Nel Medioevo le pene capitali venivano eseguite spesso per mezzo di una grande ruota. Il condannato veniva legato alla ruota: “messo alla ruota”. E’ da qui che nasce il verbo “radebrechen“, originariamente “rompere (brechen) le membra di qualcuno sulla ruota (Rad)”. Più tardi il verbo venne a indicare in senso lato “crudelmente torturare e conciare male una lingua”. Tale significato si è essenzialmente mantenuto fino ad oggi: chi “radebrecht” parla una lingua straniera a fatica e in modo lacunoso. Interessante la coniugazione: sebbene sia derivato dal verbo irregolare brechen, viene coniugato come un verbo regolare, quindi du radebrechst, er radebrechte (e non: »du radebrichst, er radebrach«).

Quindi:

radebrechen: storpiare, masticare male: Französisch radebrechen storpiare il francese; masticare qc, biascicare qc, parlucchiare qc: ich radebreche auch etwas/[ein paar Brocken] Arabisch, mastico anche ‹un po’›/[qualche parola] di arabo (DIT);

radebrechen: Synonime kauderwelschen, stottern (wortschatz lexikon)

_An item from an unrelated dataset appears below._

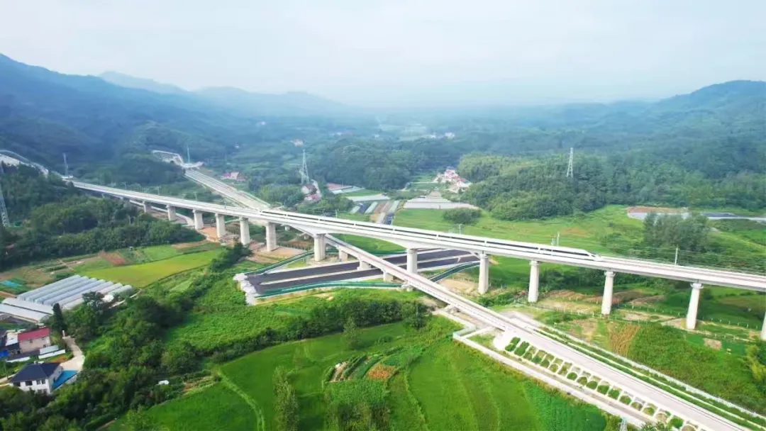 杭溫高鐵跨越浦陽江、南江、楠溪江等河流,穿越仙華山、大盤山、括蒼山等山峰,沿線山高谷深,溝壑縱橫,巖溶地質發育強烈,地形地貌復雜,施工難度較大。自2020年6月開工建設以來,各參建單位把生態優先、節約集約、綠色低碳發展理念貫穿鐵路規劃、設計、建設全過程,加大科研攻關力度,強化安全、質量和環保控制,優質高效推進工程建設,架設了楠溪江特大橋等117座橋梁,建成了木匪嶺隧道等81座隧道,確保了工程如期建成。

radebrechen: to smatter (dict.cc); to speak broken Russian/English/…, to mangle the Russian/English/… language (lingua.dict)

Etimi e paraetimi

Nei vocabolari tedesco-italiano (Sansoni major, DIT), Schickse vale “ragazza di facili costumi”, “sgualdrina”. Ma dal mio contesto era facile capire che c’era sotto una contrapposizione ebreo/cristiano. Il Duden Universalwörterbuch segnala che viene dalla Gaunersprache, il linguaggio della mala, mutuato a sua volta dall’yiddish dove ha il significato di ragazza cristiana, dall’ebraico שיקסע = impuro; repulsione.

In Wikipedia ho trovato:

Schickse stammt vom hebräischen ‘schik(s)’, was ‘Christ’ bedeutet. Im Jiddischen hieß ‘Schickse’ dann ‘Christenmädchen’ und wurde oft als Schimpfwort verwendet.
Schicke deriva dall’ebraico ‘schik(s)’ che significa cristiano. In yiddish Schickse venne a significare poi ragazza cristiana ed era usato spesso con valore ingiurioso. [trad. mia]

La pagina di Wikipedia offre tutta una serie di parole tedesche mutuate dall’yiddish e dall’ebraico. Interessante l’origine dell’augurio Hals- und Beinbruch, alla lettera: rottura di collo e di osso/gamba (!), che io pensavo nello stesso spirito del nostro In bocca al lupo. E invece no:

Hals- und Beinbruch ist ein missverstandener Segenswunsch: hazlacha u berocha (= Glück und Segen), wobei hazlache zu Hals wurde und mit Bein (= Knochen) ergänzt wurde, während berocho (= Segen) zu Bruch wurde.
Hals- und Beinbruch è un augurio interpretato male: hazlacha u berocha (=fortuna e benedizione), dove hazlache è diventato Hals (=collo) ed è stato completato da Bein (=ossa), mentre berocho (=benedizione) è diventato Bruch = rottura. [trad. mia]

Io comunque per fare gli auguri ho sempre preferito toi toi toi, anche questo un augurio tedesco, che poi a ben vedere simboleggia tre sputi, quindi tanto fine non è … ma ogni tanto è meglio dimenticare le etimologie.